● **INPUT DATA**
*** Block opens ***

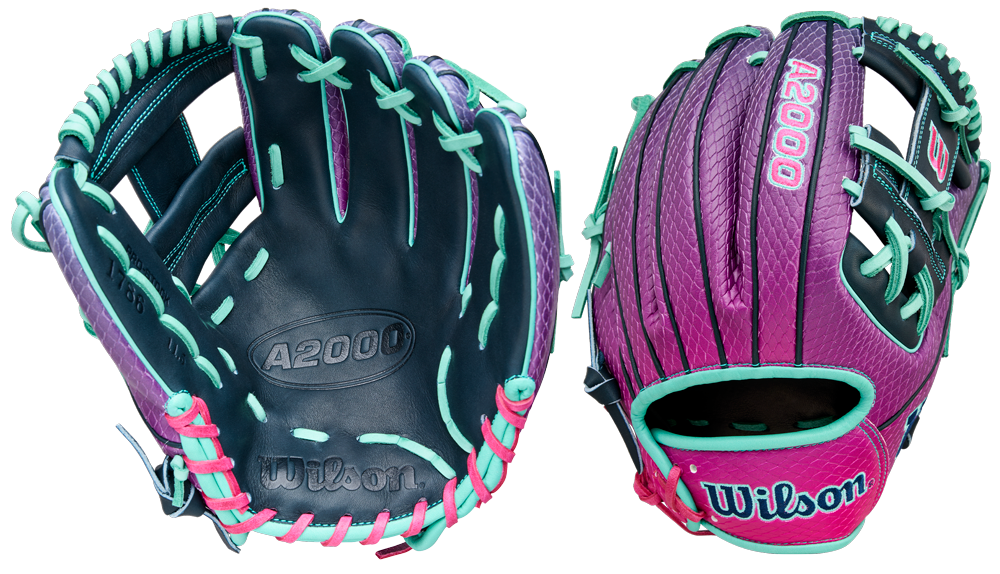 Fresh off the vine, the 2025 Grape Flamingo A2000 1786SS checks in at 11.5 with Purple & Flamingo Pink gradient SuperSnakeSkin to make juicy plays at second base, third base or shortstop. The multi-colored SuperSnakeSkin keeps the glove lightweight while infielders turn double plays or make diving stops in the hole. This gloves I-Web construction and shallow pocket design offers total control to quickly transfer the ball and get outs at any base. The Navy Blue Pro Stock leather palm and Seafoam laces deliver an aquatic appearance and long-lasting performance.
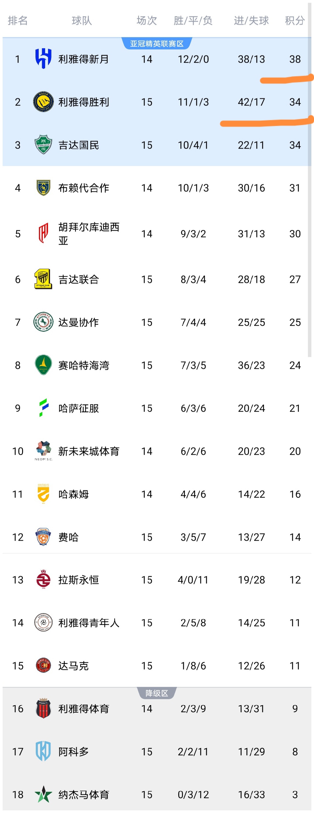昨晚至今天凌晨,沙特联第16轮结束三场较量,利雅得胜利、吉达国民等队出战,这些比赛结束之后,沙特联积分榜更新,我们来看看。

*** Block closes ***
*** Block opens ***

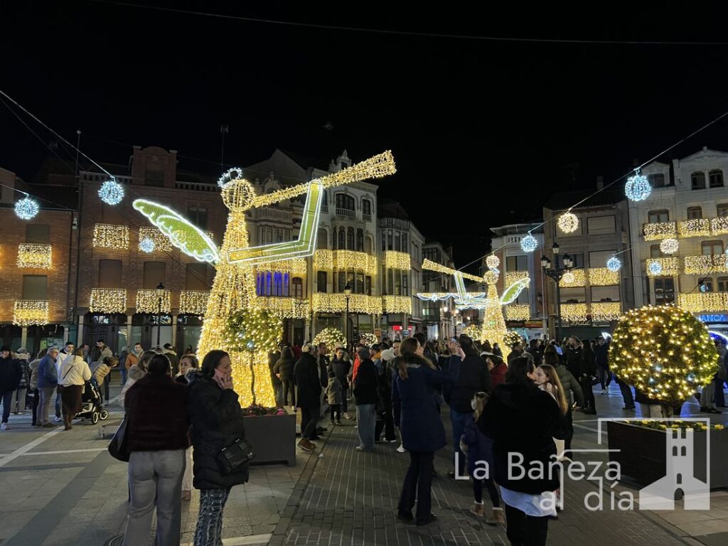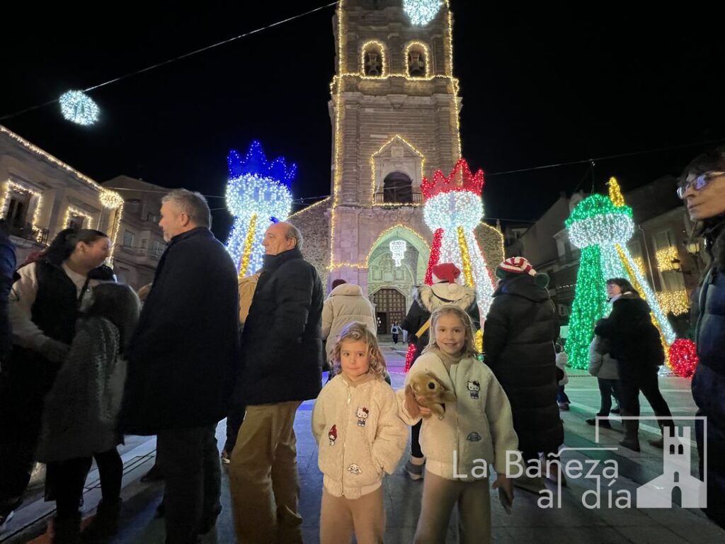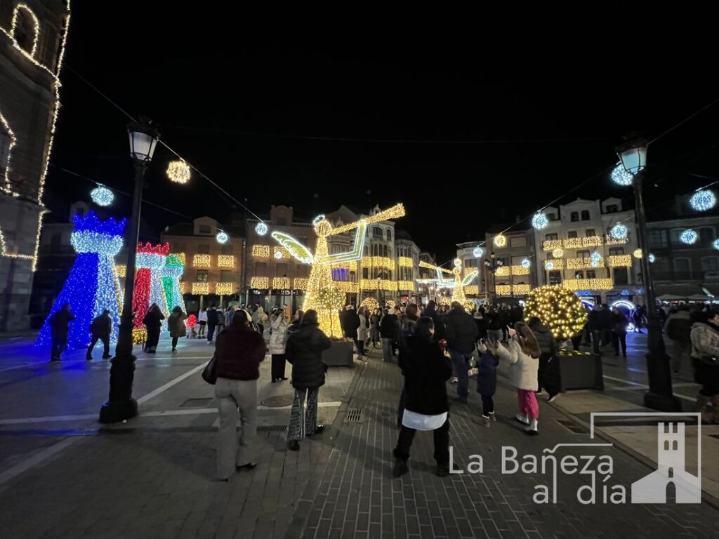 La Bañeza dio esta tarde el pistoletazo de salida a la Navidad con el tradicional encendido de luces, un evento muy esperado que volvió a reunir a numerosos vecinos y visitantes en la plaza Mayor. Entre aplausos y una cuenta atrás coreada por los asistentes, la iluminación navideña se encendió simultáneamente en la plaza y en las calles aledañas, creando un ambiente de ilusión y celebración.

*** Block closes ***

● **WHAT NEEDS TO BE DONE**
Pictures aside, print exactly the lines above starting with the one containing "Fresh off the" and going on through the one containing "昨晚至今天凌晨,沙特联第16".

● **YOUR RESPONSE**
 Fresh off the vine, the 2025 Grape Flamingo A2000 1786SS checks in at 11.5 with Purple & Flamingo Pink gradient SuperSnakeSkin to make juicy plays at second base, third base or shortstop. The multi-colored SuperSnakeSkin keeps the glove lightweight while infielders turn double plays or make diving stops in the hole. This gloves I-Web construction and shallow pocket design offers total control to quickly transfer the ball and get outs at any base. The Navy Blue Pro Stock leather palm and Seafoam laces deliver an aquatic appearance and long-lasting performance.
昨晚至今天凌晨,沙特联第16轮结束三场较量,利雅得胜利、吉达国民等队出战,这些比赛结束之后,沙特联积分榜更新,我们来看看。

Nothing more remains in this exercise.